= Problem to work on =
Make an exact copy of the records, dropping all pictures.

[Start of Attachment]

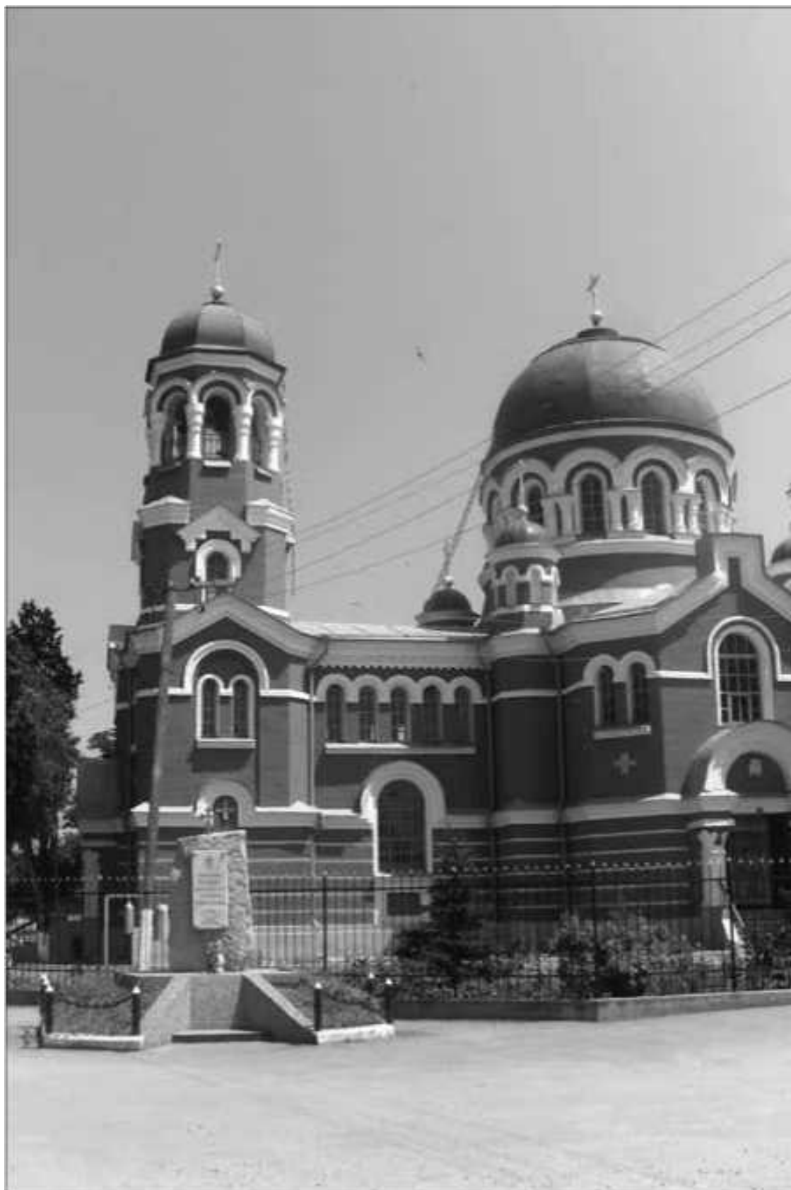
Церковь святого Архистратига Михаила. Быв. станция Пришибская (ныне г. Майский)
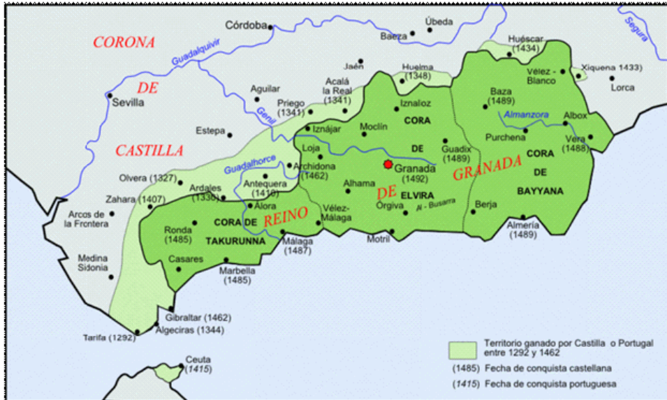
സ്പെയിനിലെ സന്ദ്രശ്ശ ഉമവി രാജവംശം

അബ്ദു റഹ്മാൻ മൂന്നാമനു ശേഷം അൽ ഹക്കം രണ്ടാമൻ സ്പെയിനിലെ ഭരണാധികാരിയായവു ന്നത് അദ്ദേഹത്തിന്റെ നാരീപത്തിയാറാം വയസ്സിലായിരുന്നു അതുകൊണ്ടുതന്നെ ഭരണപരമായ പരിചയം അദ്ദേഹത്തിനു വേണ്ടുവോളമുണ്ടായിരുന്നു. അദ്ദേഹത്തിനുശേഷംവന്ന മകൻ അബ്ദുൽ മാലിക് അൽ മുസാഫറിന്റെ (976-1008 സി.ഇ.) ഭരണത്തോടെ കൊർദോവയിലുണ്ടാ യിരുന്ന ഉമവി ഭരണം ക്ഷയിക്കാൻ തുടങ്ങി.
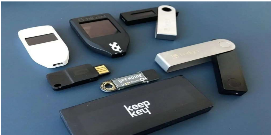
Slika 3 Hladni novčanik
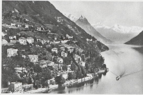
Il ramo occidentale del Ceresio (Berna, s.d)
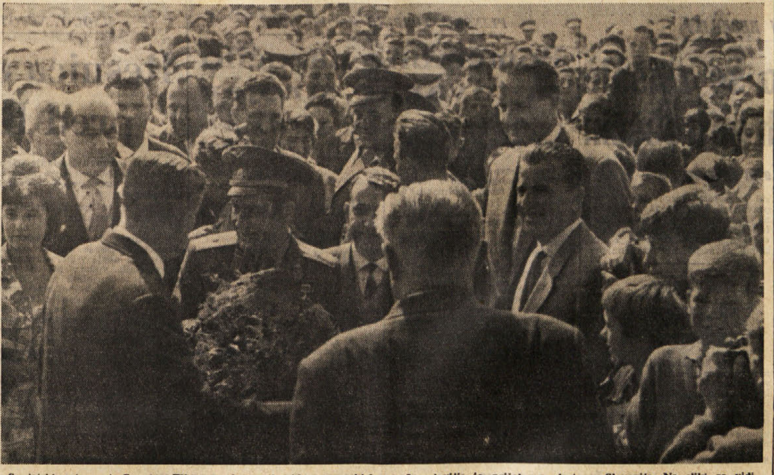
Sovjetski astronaut German Titov, ki je na desetdnevnem obisku v Jugoslaviji, je prišel v soboto v Slovenijo. Na sliki ga vidimo med predstavniki oblasti in množico, ki ga je pričakala na ljubljanskem letališču.
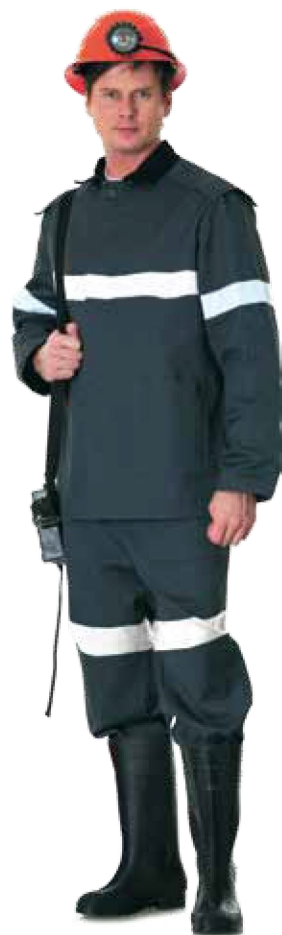
10759 серый с СОП
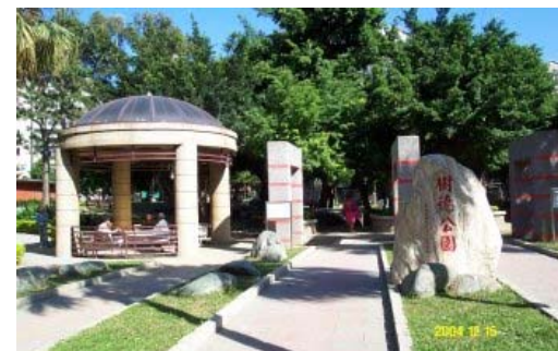
大同區樹德公園改造後實景
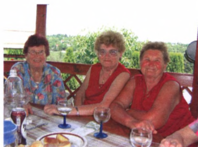
A Honvéd Kaszinó Dalos Társasága boldog nyugdíjas tagjai szentgyörgyvári záróbulin, névnapi üveges (és sörös) tánc közben
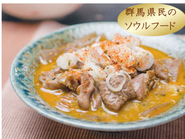
◆もつ煮込み定食 ■1,200円 ◆もつ煮込み単品 ■930円
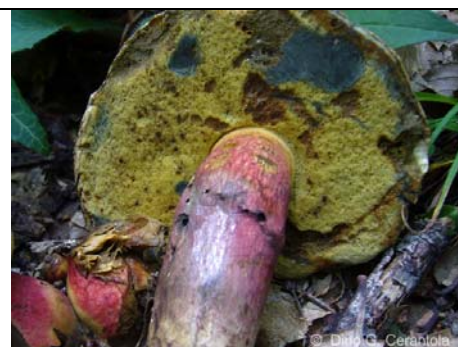
BOLETUS CALOPUS 06
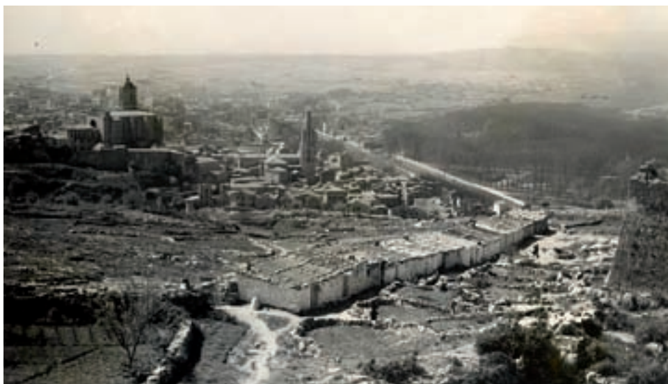
>> Les barraques van constituir un poblet amb la Girona antiga de fons.
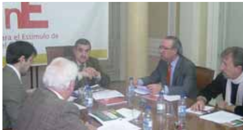
Un momento de la Comisión Provincial de Seguimiento.

En total, la gestión del Fondo Estatal para el Empleo y la Sostenibilidad Local 2010 (FEESL) en Palencia supondrá una inversión cuando finalice su ejecución, de 18.750.151,67 euros. Por otro lado, cabe señalar que el FEESL ha generado en la provincia de Palencia 1.322 nuevos puestos de trabajo; un 33,40% más de los previstos en un principio por los Ayuntamientos.

[End of Attachment]

= Task response =
Церковь святого Архистратига Михаила. Быв. станция Пришибская (ныне г. Майский)
സ്പെയിനിലെ സന്ദ്രശ്ശ ഉമവി രാജവംശം

അബ്ദു റഹ്മാൻ മൂന്നാമനു ശേഷം അൽ ഹക്കം രണ്ടാമൻ സ്പെയിനിലെ ഭരണാധികാരിയായവു ന്നത് അദ്ദേഹത്തിന്റെ നാരീപത്തിയാറാം വയസ്സിലായിരുന്നു അതുകൊണ്ടുതന്നെ ഭരണപരമായ പരിചയം അദ്ദേഹത്തിനു വേണ്ടുവോളമുണ്ടായിരുന്നു. അദ്ദേഹത്തിനുശേഷംവന്ന മകൻ അബ്ദുൽ മാലിക് അൽ മുസാഫറിന്റെ (976-1008 സി.ഇ.) ഭരണത്തോടെ കൊർദോവയിലുണ്ടാ യിരുന്ന ഉമവി ഭരണം ക്ഷയിക്കാൻ തുടങ്ങി.
Slika 3 Hladni novčanik
Il ramo occidentale del Ceresio (Berna, s.d)
Sovjetski astronaut German Titov, ki je na desetdnevnem obisku v Jugoslaviji, je prišel v soboto v Slovenijo. Na sliki ga vidimo med predstavniki oblasti in množico, ki ga je pričakala na ljubljanskem letališču.
10759 серый с СОП
大同區樹德公園改造後實景
A Honvéd Kaszinó Dalos Társasága boldog nyugdíjas tagjai szentgyörgyvári záróbulin, névnapi üveges (és sörös) tánc közben
◆もつ煮込み定食 ■1,200円 ◆もつ煮込み単品 ■930円
BOLETUS CALOPUS 06
>> Les barraques van constituir un poblet amb la Girona antiga de fons.
Un momento de la Comisión Provincial de Seguimiento.

En total, la gestión del Fondo Estatal para el Empleo y la Sostenibilidad Local 2010 (FEESL) en Palencia supondrá una inversión cuando finalice su ejecución, de 18.750.151,67 euros. Por otro lado, cabe señalar que el FEESL ha generado en la provincia de Palencia 1.322 nuevos puestos de trabajo; un 33,40% más de los previstos en un principio por los Ayuntamientos.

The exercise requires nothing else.